Holmberg's Morning Sickness - Arizona: Episode Summary (07-09-25)
Podcast Information:
The episode kicks off with a lively banter among the hosts, Holmberg, Brady, Bret, and Dick Tolittle, setting the humorous and irreverent tone characteristic of the show.
This segment showcases the hosts' camaraderie and their knack for blending humor with listener engagement.
A significant portion of the episode delves into celebrity gossip, focusing on rumors suggesting that Katie Holmes is "stalking" Tom Cruise through social media interactions.
Katie Holmes' Social Media Activity:
Hosts' Reactions and Commentary:
Discussion on Celebrity Dynamics:
Notable Quote:
This segment blends celebrity gossip with humor, engaging listeners who enjoy light-hearted discussions about Hollywood relationships.
The hosts shift focus to the notorious Fyre Festival, discussing recent developments regarding its owner, Billy McFarland.
Billy McFarland’s Auction of Fyre Festival Domain:
Details of the Auction:
Potential Implications:
Notable Quote:
This discussion highlights ongoing developments related to the infamous Fyre Festival, appealing to listeners interested in business moves of controversial figures.
As the episode progresses, the hosts reminisce and critique past live events, particularly the Live Aid concert.
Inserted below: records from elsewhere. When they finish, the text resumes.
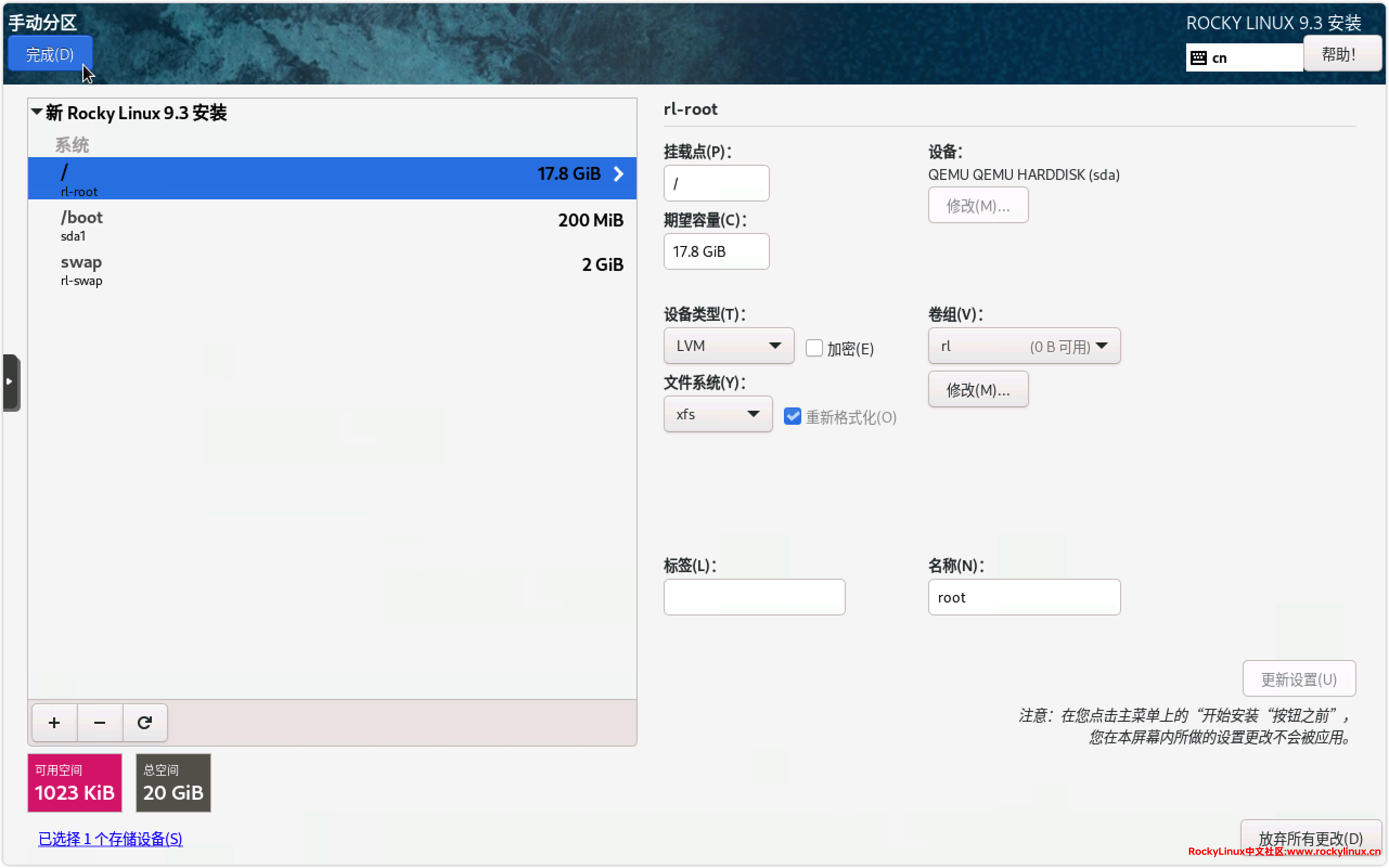 15) 我们这里设置 /boot 分区 200 MiB,swap 交换分区 2 GiB,其它的空间都给到 / 根分区,同时这里我们可以看到 Rocky Linux 默认文件系统为 xfs,我们可以根据自己的实际需要进行调整。另外后期如果是在 OpenStack、Proxmox、ESXI 等虚拟化环境中,我们可以根据需求单独挂载一个磁盘用于指定用途,将系统盘与数据盘完全分开。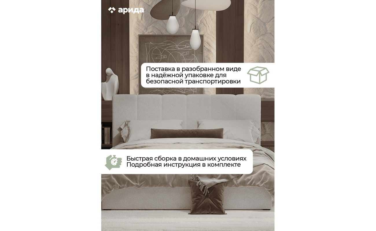 На складе Код товара: 44887 Кровать Леонардо Шенилл-букле бежевый 180х200 с малым и большим изголовьем74.175 ₽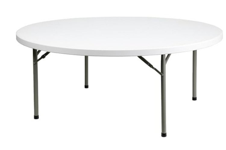 A classic 60-inch round banquet table (8-10 Chairs) that seats guests comfortably for dinners, meetings, or events. Its spacious circular surface provides plenty of room for place settings, centerpieces, and serving dishes, making it ideal for weddings, conferences, receptions, and family gatherings. Built for rental use, it’s sturdy and easy to set up and break down, fits well in tents and halls, and pairs nicely with standard folding chairs and table linens. Simple, versatile, and practical—this round table helps create a polished, communal seating arrangement for any occasion.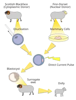 Dolly, a Finn-Dorset ewe, was the first mammal to have been successfully cloned from an adult somatic cell. Dolly was formed by taking a cell from the udder of her 6-year-old biological mother.[30] Dolly's embryo was created by taking the cell and inserting it into a sheep ovum. It took 435 attempts before an embryo was successful.[31] The embryo was then placed inside a female sheep that went through a normal pregnancy.[32] She was cloned at the Roslin Institute in Scotland by British scientists Sir Ian Wilmut and Keith Campbell and lived there from her birth in 1996 until her death in 2003 when she was six. She was born on 5 July 1996 but not announced to the world until 22 February 1997.[33] Her stuffed remains were placed at Edinburgh's Royal Museum, part of the National Museums of Scotland.[34]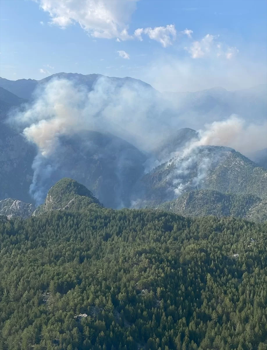 BURDUR (AA) – Burdur'un Altınyayla ilçesinde bulunan Karanlıkdere Kanyonu'ndaki ormanlık alanda 2 Ekim'de çıkan ve kontrol altına alındıktan sonra dün yeniden alevlenen yangın, söndürülmeye çalışılıyor.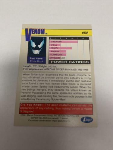 1991 Impel Marvel Universe #58 VENOM Lot of and 49 similar items

Live Aid Documentary and Anniversary:
Critical Analysis of Live Aid:
Hosts' Personal Opinions:
Notable Quote:
This segment offers a nostalgic yet critical look at a historical live event, providing depth to the conversation and inviting listeners to reflect on the effectiveness of such large-scale charity events.
The episode concludes with the hosts wrapping up their discussions and transitioning to advertisements.
Final Banter:
Promotion of Future Segments:
Advertisements:
Note: As per the summary guidelines, advertisements, intros, and outros are acknowledged but not detailed extensively.
This episode of Holmberg's Morning Sickness offers a blend of celebrity gossip, critical discussions on notorious events like the Fyre Festival and Live Aid, and maintains a humorous and irreverent tone throughout. The hosts effectively engage listeners with their candid conversations, memorable quotes, and interactive segments, making the show both entertaining and informative for those seeking a mix of humor and current event commentary.
Key Takeaways:
This comprehensive summary encapsulates the essence of the episode, providing a clear and engaging overview for those who haven't tuned in.